Note: x-axis indicates stacked (not aggregate) rates.

http://dx.doi.org/10.1371/journal.pone.0106197.g001

In children 5–14 years, the MMR remained relatively stable over the study period at 0.5 per 1,000 PY, with rates in 2010 mirroring rates in 2003. In this age group, annual rates by age in years fluctuated with no significant trends observed. In persons ≥15 years, the MMR decreased from 1.5 to 0.4 per 1,000 PY for a mean reduction of 20% annually (p<0.0001). When divided into only two age categories, the MMR for persons ≥5 years decreased from 1.1 to 0.4 per 1,000 PY for a mean reduction of 17% annually (p<0.0001).

From 2003 to 2010, the proportion of all malaria deaths by age group decreased in children <5 years from 70% to 61%, increased in children 5–14 years from 4% to 14%, and decreased slightly in persons ≥15 years from 26% to 24% (Figure 2). When divided into two age categories, the proportion of all malaria deaths in persons ≥5 years increased from 30% in 2003 to 39% in 2010. From 2003 to 2010, the proportion of malaria deaths among all deaths decreased in children <5 years from 29% to 16%, increased in children 5–14 years from 16% to 21%, and decreased in individuals ≥15 years from 6% to 3% (Figure 3). When divided into two age categories, the proportion of malaria deaths in persons ≥5 years decreased from 9% to 5%.

thumbnail
Figure 3. Malaria mortality as a proportion of all-cause mortality by age group.

http://dx.doi.org/10.1371/journal.pone.0106197.g003

Discussion

Data from the KEMRI/CDC HDSS demonstrate the substantial progress made since 2003 in reducing malaria mortality in western Kenya. The 2004 peak of malaria mortality in western Kenya coincides with the global malaria mortality trends described in the 2011 World Malaria Report and Murray and colleagues' estimates for sub-Saharan Africa [3], [5]. The accelerating trend of declining malaria mortality among children <5 years since 2003 is also consistent with the declining trend in all-cause mortality among children <5 years in sub-Saharan Africa since 2000 [15]. The MMRs in young children and persons ≥15 years have decreased dramatically from 2003 to 2010.

The MMR in children aged 5–14 years has not declined concurrently, and malaria as a proportion of all-cause mortality increased over the study period in this age group. Because the absolute number of deaths and the MMR remained relatively unchanged across the study period, the increase is probably not due to delayed acquisition of immunity. The lack of a concomitant decline in MMR in this age group might be attributed to older children not having been targeted for malaria programmatic interventions in most countries, including Kenya.
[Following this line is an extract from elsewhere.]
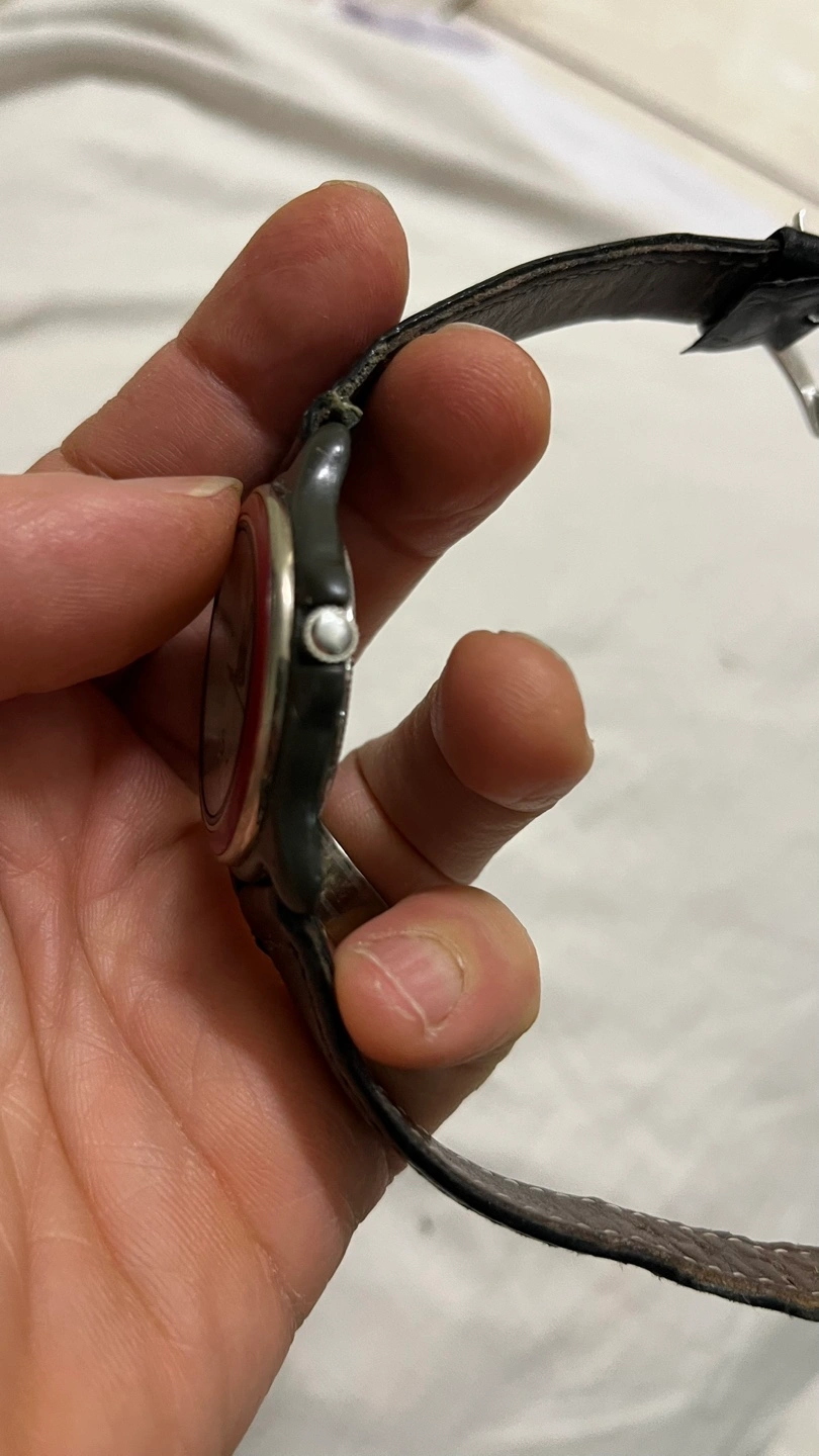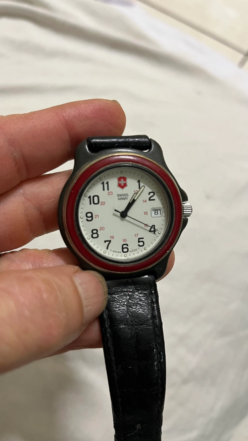 57Classic Swiss Army watch. Black leather band. Round face. Red accents. Pre-owned. Just need a new battery

Data from the KEMRI/CDC HDSS, for example, indicate that insecticide-treated net use was lowest in the 5–14 year-old age group (43% usage), and the 58% P. falciparum parasite prevalence in this age group was higher than all other age groups [KEMRI/CDC, unpublished data].
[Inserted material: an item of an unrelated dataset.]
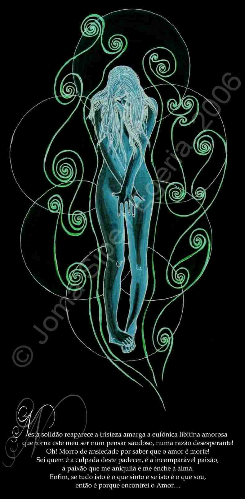 Nesta solidão reaparece a tristeza amarga a eufónica libitina amorosa que torna este meu ser num pensar saudoso, numa razão desesperante! Oh! Morro de ansiedade por saber que o amor é morte! Sei quem é a culpada deste padecer, é a incomparável paixão, a paixão que me aniquila e me enche a alma. Enfim, se tudo isto é o que sinto e se isto é o que sou, então é porque encontrei o Amor… |

These data provide insight into a shift of mortality burden from infants to slightly older children who, as discussed above, do not seem to have benefited as much as younger children from malaria intervention. Continued mortality surveillance is needed to ascertain if deaths in older children proportionately increase, or increase in absolute terms, as malaria transmission is reduced towards pre-elimination levels, as suggested in the literature [16], [17]. In order to reach global malaria control and elimination goals, interventions will have to be scaled up in age groups that historically have been excluded and surveillance strengthened across all age groups to monitor impact [18].
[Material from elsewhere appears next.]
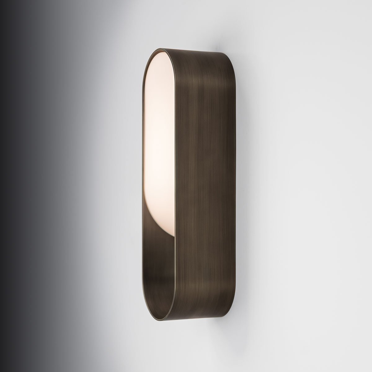 A hand-finished loop of brass cradles a gently sloping white cased glass diffuser.

The considerable decline in MMRs in the KEMRI/CDC HDSS likely reflects, in part [19], the growth of malaria and HIV interventions in Kenya over the study period. For malaria, the introduction and scale up of key interventions recommended by Roll Back Malaria occurred during the study period [20]. In 2004, Kenya changed the national malaria treatment policy to recommend artemisinin-based combination therapy (ACT) as the first-line treatment for uncomplicated malaria, and by 2006, the new ACT guidelines were implemented countrywide [21], [22]. However, by 2010, only 18% of febrile children <5 years were treated with an ACT for uncomplicated malaria, suggesting that most malaria cases were being treated with ineffective medications or monotherapies throughout the study period [7]. Kenya did not adopt national policy to introduce malaria rapid diagnostic tests (RDTs) in endemic areas until 2012. Therefore, the majority of treatment for malaria during the study period was likely based on clinical diagnosis. The national malaria control program targeted 3.4 million children <5 years during the first mass insecticide-treated net campaign in 2006 and conducted a second mass net campaign in 2010–2011 to provide universal coverage in malaria endemic and epidemic-prone areas. The mass campaigns increased net use by children <5 years from 4.6% in 2003 to 42.2% in 2010 [7], [23]. Since 1998, the national malaria control program has recommended intermittent preventive therapy for pregnant women, and by 2010, 25% of women received two or more doses of sulphadoxine-pyrimethamine during pregnancy compared to 13% in 2007 [7].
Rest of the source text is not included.